_content/blog/deadcode.md

title: Finding unreachable functions with deadcode date: 2023-12-12 by:

Alan Donovan summary: deadcode is a new command to help identify functions that cannot be called.

Functions that are part of your project‘s source code but can never be reached in any execution are called “dead code”, and they exert a drag on codebase maintenance efforts. Today we’re pleased to share a tool named deadcode to help you identify them.

$ go install golang.org/x/tools/cmd/deadcode@latest
$ deadcode -help
The deadcode command reports unreachable functions in Go programs.
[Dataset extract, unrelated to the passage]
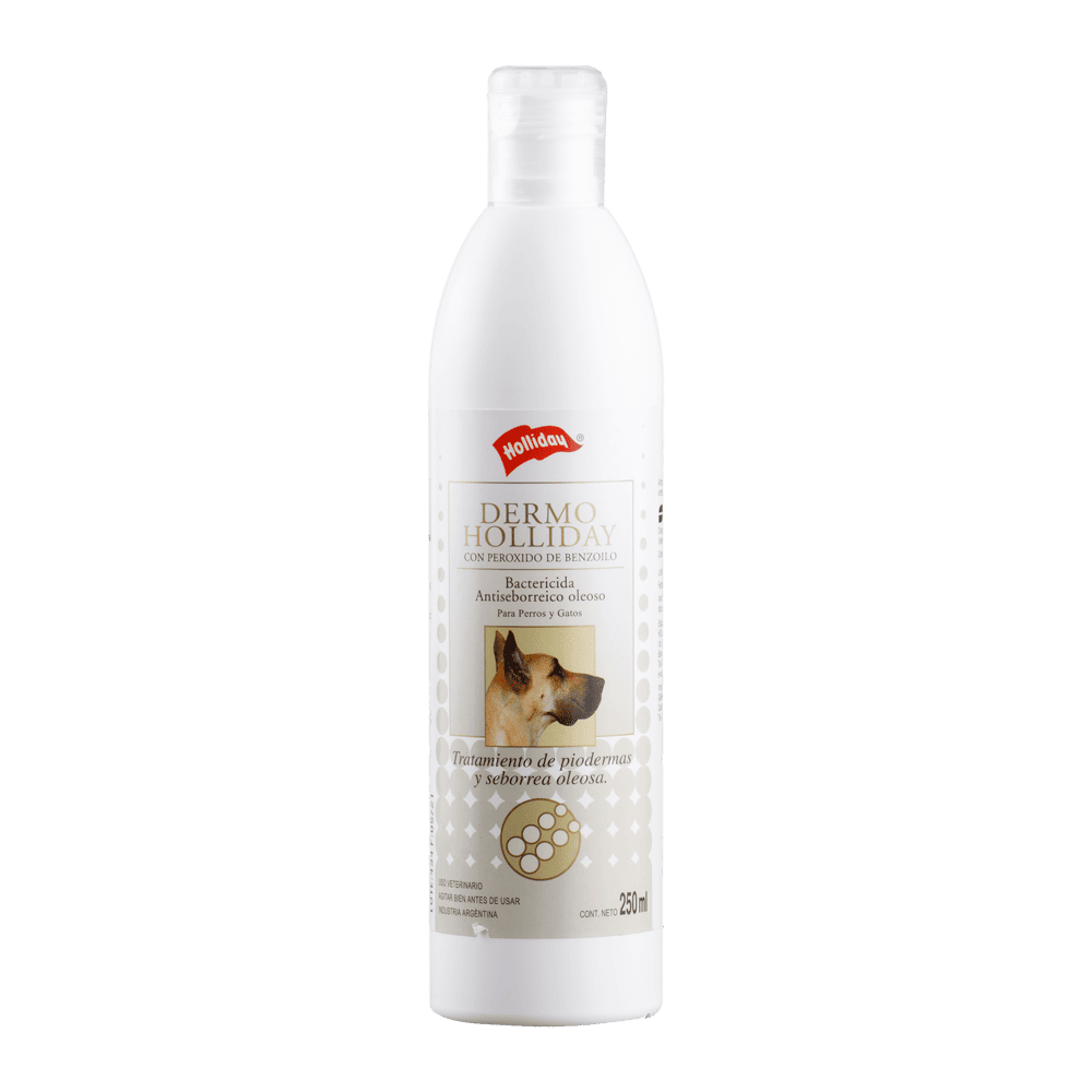 Shampoo de acción antiséptica y antiseborreica oleosa, indicado para el manejo de afecciones dermatológicas en mascotas. Presentación en envase de 250 ml con cámara de aire que permite su correcta agitación; contiene una bolilla inerte para facilitar la homogenización del producto.; Composición:; Cada 100 ml de la solución contiene Peróxido de Benzoilo 2,5 g y excipientes c.s.; Indicaciones:; Indicado en piodermias, procesos seborreicos oleosos, foliculitis, impétigo y acné felino. Actúa como coadyuvante en el tratamiento de la demodicosis. También puede utilizarse para el lavado y antisepsia del campo quirúrgico, complementando el uso de solución de Clorhexidina en spray.; Beneficios:; 1. Antiséptico bactericida de amplio espectro. 2. Combate la seborrea oleosa gracias a su acción sebostática sobre las glándulas sebáceas. 3. Presenta efecto rubefaciente folicular y buena actividad queratolítica.

Usage: deadcode [flags] package...

Example

Over the last year or so, we've been making a lot of changes to the structure of gopls, the language server for Go that powers VS Code and other editors. A typical change might rewrite some existing function, taking care to ensure that its new behavior satisfies the needs of all existing callers. Sometimes, after putting in all that effort, we would discover to our frustration that one of the callers was never actually reached in any execution, so it could safely have been been deleted. If we had known this beforehand our refactoring task would have been easier.
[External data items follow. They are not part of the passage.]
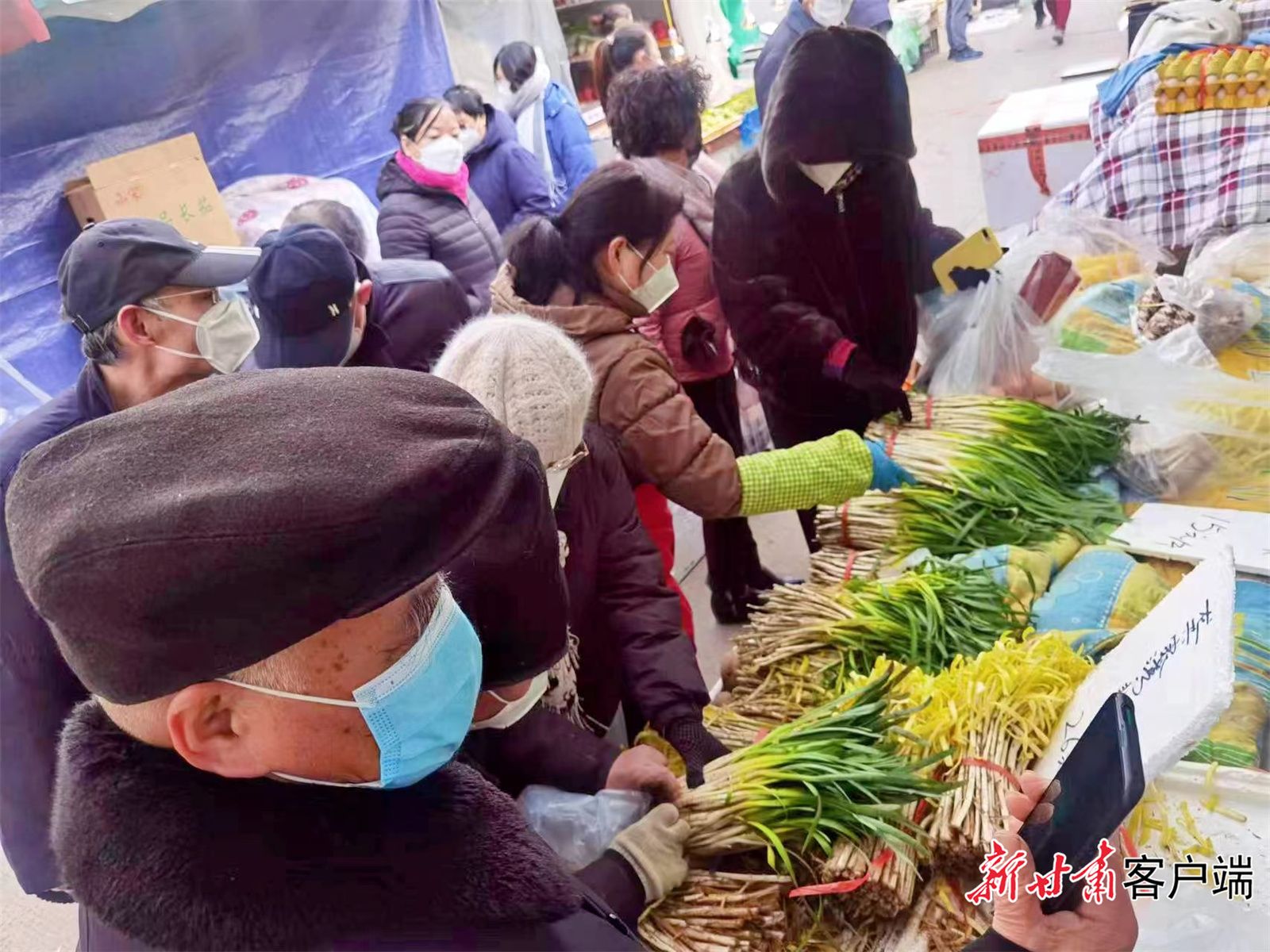 市民王辉正在挑选韭黄,他一共买了8斤。“要回北京和家人团聚,母亲叮嘱一定要买韭黄,老兰州人最爱韭黄肉馅的饺子!”
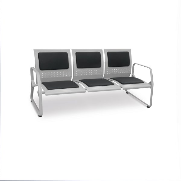 Longarina fabricada com conchas individuais para o assento / encosto em chapa de aço com opção de espuma injetada e fixada sobre chapa metálica
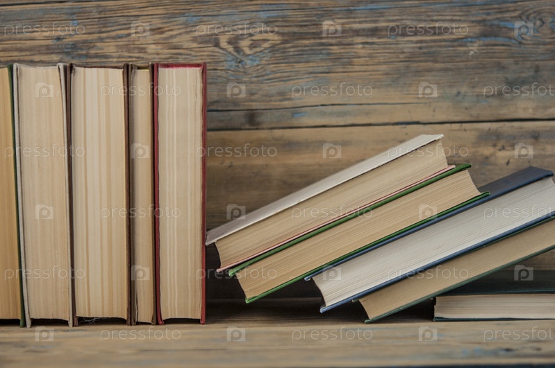 Стопка книг на деревянном столе на деревенском фоне с копией пространства
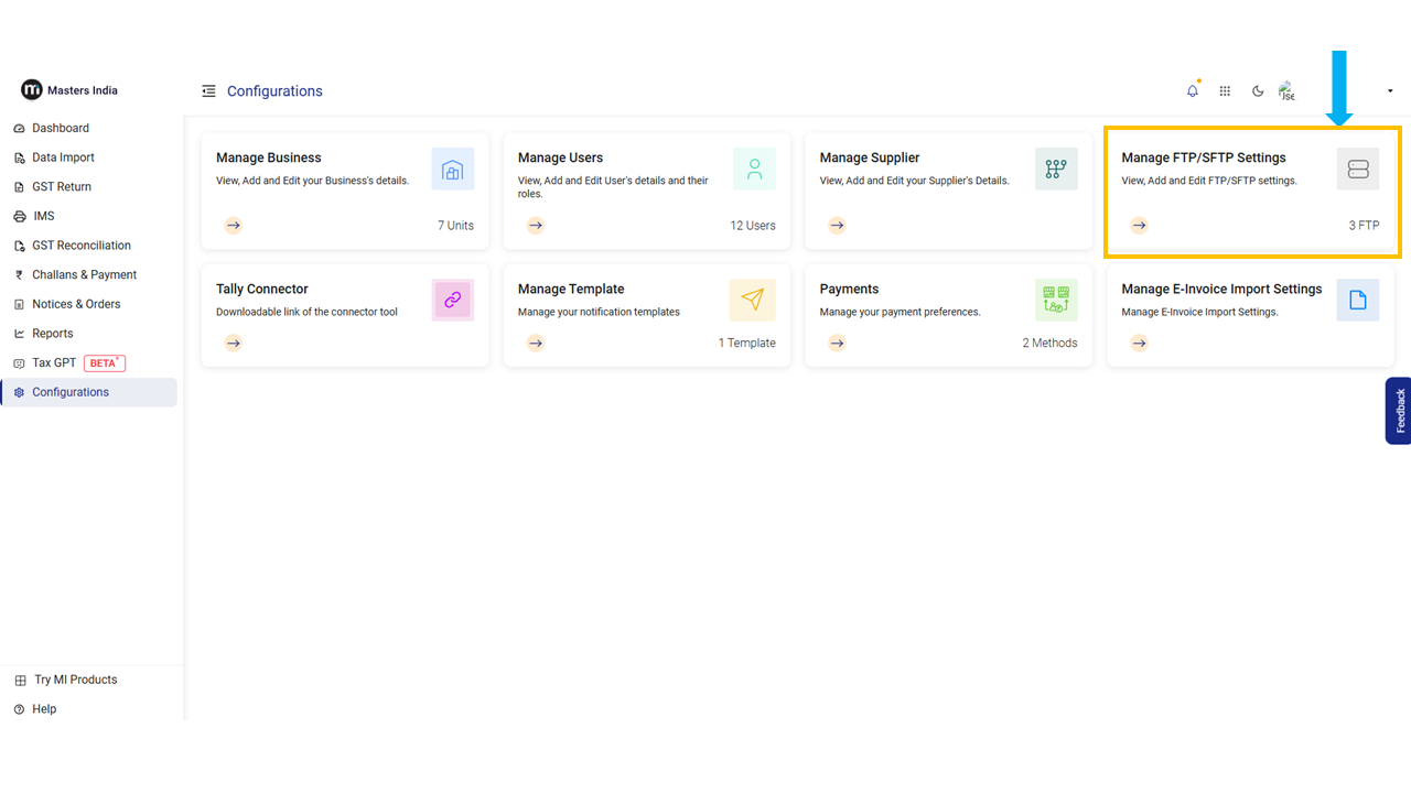 In the configuration module, click on "Manage FTP/SFTP Settings." The screen will navigate to the Manage FTP/SFTP tab.
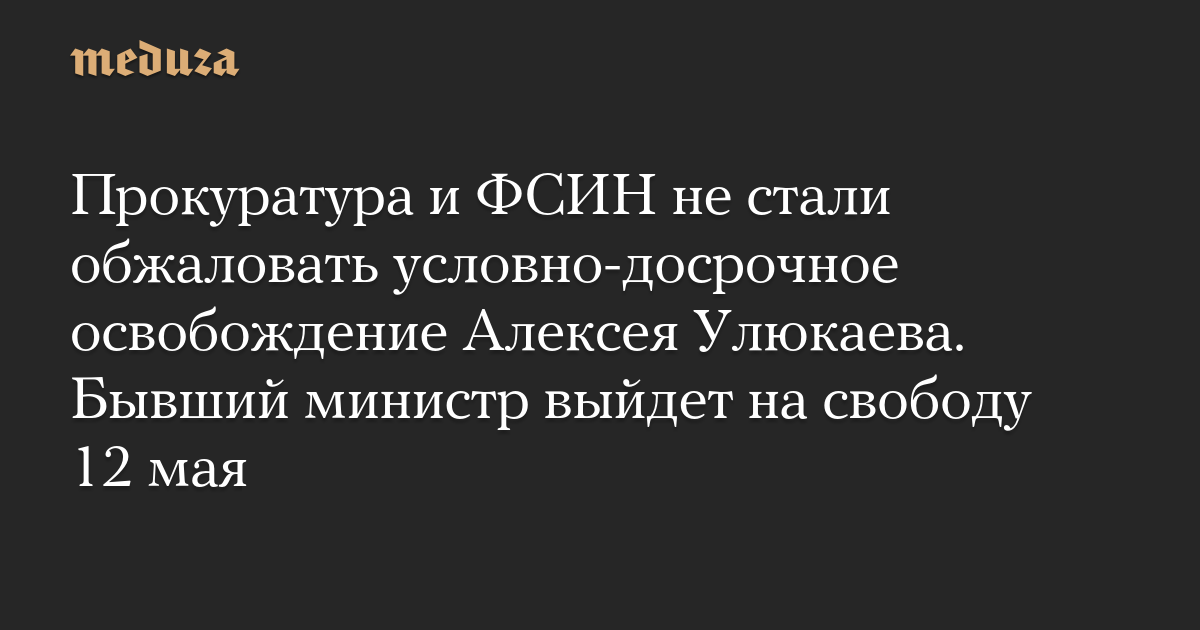 11 мая был последний день, когда можно было обжаловать решение об УДО, рассказали в пресс-службе суда. Так как этого не произошло, то решение об условно-досрочном освобождении вступит в законную силу, и Улюкаев 12 мая должен выйти на свободу.

The simple Go program below illustrates the problem:

module example.com/greet
go 1.21

package main

import "fmt"

func main() {
	var g Greeter
	g = Helloer{}
	g.Greet()
}

type Greeter interface{ Greet() }

type Helloer struct{}
type Goodbyer struct{}

var _ Greeter = Helloer{}  // Helloer  implements Greeter
var _ Greeter = Goodbyer{} // Goodbyer implements Greeter

func (Helloer) Greet()  { hello() }
func (Goodbyer) Greet() { goodbye() }

func hello()   { fmt.Println("hello") }
func goodbye() { fmt.Println("goodbye") }

When we execute it, it says hello:

$ go run .
hello

It‘s clear from its output that this program executes the hello function but not the goodbye function. What’s less clear at a glance is that the goodbye function can never be called. However, we can‘t simply delete goodbye, because it’s required by the Goodbyer.Greet method, which in turn is required to implement the Greeter interface whose Greet method we can see is called from main. But if we work forwards from main, we can see that no Goodbyer values are ever created, so the Greet call in main can only reach Helloer.Greet. That's the idea behind the algorithm used by the deadcode tool.

When we run deadcode on this program, the tool tells us that the goodbye function and the Goodbyer.Greet method are both unreachable:

$ deadcode .
greet.go:23: unreachable func: goodbye
greet.go:20: unreachable func: Goodbyer.Greet

With this knowledge, we can safely remove both functions, along with the Goodbyer type itself.

The tool can also explain why the hello function is live. It responds with a chain of function calls that reaches hello, starting from main:

$ deadcode -whylive=example.com/greet.hello .
                  example.com/greet.main
dynamic@L0008 --> example.com/greet.Helloer.Greet
 static@L0019 --> example.com/greet.hello

The output is designed to be easy to read on a terminal, but you can use the -json or -f=template flags to specify richer output formats for consumption by other tools.

How it works

The deadcode command loads, parses, and type-checks the specified packages, then converts them into an intermediate representation similar to a typical compiler.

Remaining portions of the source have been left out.